Ubud und seine Umgebung

Franzosen scheinen sich zu riechen, wie Simon zuvor hat auch meine derzeitige Reisebegleitung gleich eine Französin und ein Frankokanadier gefunden. Zusammen geht es einen kleinen Pfad endlang, durch Reisfelder mit einem kleinen Snack und Kaffee am Ende. Ein gemütlicher Nachmittagsspaziergang. Den die Französin und ich dann auf einem anderen Pfad am Abend noch einmal wiederholen.
Ein Sonnenuntergang und Abendessen später steht auch schon der Plan für den nächsten Tag.

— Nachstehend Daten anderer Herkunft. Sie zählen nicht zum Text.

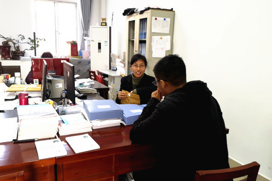 “肖老师,今天研究生论文的外审出来了,江某某的论文盲审没有通过,我找他谈过了,还需要辅导员关心一下,这是他的一些情况。”11月20日下午,水利工程学院科研与研究生办公室主任刘范红老师认真地和研究生辅导员肖苹宁老师讨论该如何教育辅导研究生江某某,并把《水利工程学院“三全育人”记录表》转给肖老师。

Den Roller hat mir dieses Mal der Hostelmitarbeiter besorgt, der generell ausgesprochen freundlich und hilfsbereit ist. Doch bevor es richtig los geht, halten wir noch kurz bei einem Spanferkel Restaurant, scheint typisch für Bali zu sein und es ist auch wirklich lecker.
Nun kann es aber los gehen, ein paar Kilometer ausserhalb der Stadt ist ein relativ bekannter Tempel in dessen Wasser die Leute sich unter verschiedenen kleinen Brunnen „rein Waschen“, „für zukünftiges schützen“ – vielleicht hätte ich das mal genauer nachschlagen sollen. Einer der Brunnen wird nach dem anderen abgegangen und sich darin „gewaschen“.

Beim verlassen der Tempelanlage weißt uns einer der Paklplatzmitarbeiter auf eine Kaffeeplantage, nur ein paar Kilometer nördlich, hin. Das klingt gut und Zeit haben wir auch, also kurze Planändeurng. Leider stellt es sich aber nicht wirklich als Kaffeeplantage heraus. Es ist mehr eine Museumsartige Umgebung mit Shop und Café – inklusiver einiger Wiesel die für die Produktion von „Katzenkaffee“ eingesetzt werden. Die Tiere hier verhalten sich schon auffällig und haben wahrscheinlich dabei mehr Platz in Ihrem Käfig als ihre Artgenossen in der „Produktion“. Ich bin froh das ich eine Tasse in Hanoi probiert habe und hier darauf verzichten kann.
Der normale Kaffee überzeugt auch nicht wirklich, so geht es bald auf den Weg zu unserem letzten Ziel für den Tag – Reisfelder. Stark besuchte Reisefelder, mit schlechten Lichtverhältnisen. Dennoch sind es sehr schön angeordnete Reisefelder in einem strahlenden Grün. Es gibt auch einige Schaukeln, mit denen man über die, davor liegenden, Abgründe hinaus schwingen kann. Natürlich gegen eine kleine Gebühr an den Anbieter.

Lange halten uns diese Felder nicht auf, so dass wir uns bald wieder im Hostel wiederfinden. Ein Abendessen, eine Nacht und eine Verabschiedung später sitze ich dann allein auf dem Roller. Auf meinen Weg weiter in den Norden von Bali, das Wetter scheint sich beruhigt zu haben und die Regenzeit so langsam auszuklingen.
Munduk ist das heutige Ziel, ein kleiner Stopp an einem Tempel liegt auf dem Weg, ein weiteren Halt gibt es spontan bei ein paar Wasserfällen. Ähnlich läuft dann auch am nächsten Tag der Weg zurück ab. Ein schöner kleiner Ausflug, wenn gleich mein Magen auf dem Weg zurück mich ein wenig ärgern wollte. Zwangsläufig lege ich eine Pause ein, trinke etwas und schnappe mir ein paar Erdnüsse.
Mit ein wenig verspätung komme ich dann aber wieder in Ubud an, gebe den Roller zurück bevor es zur scheinbar letzten Verbidung nach Kuta geht – ein Bus eines kleinen Anbieters.
Ticket besorgt und warten – der Bus fährt an sich eigentlich zum Flughafen, ich springe aber einfach ein paar Kilometer vorher aus.

Kuta selber ist dann die Touristenhochburg wie ich sie befürchtet habe. Nie war ich auf Mallorca, aber ich glaube es finden sich viele Parallelen – man muss hier Deutsche und Engländer nur durch Australier und ein paar aus Singapur austauschen – wobei sich auch Europäer finden lassen. Bis auf ein deutsches Restaurant, welches ich mir nach 6,5 Monaten mal gönne ist nicht viel erwähnenswert in Kuta, ich wollte einfach nur näher am Flughafen sein, der mich nach zwei Nächten nach Flores bringt – genauer nach Labuan Bajo direkt neben dem Komodo National Park.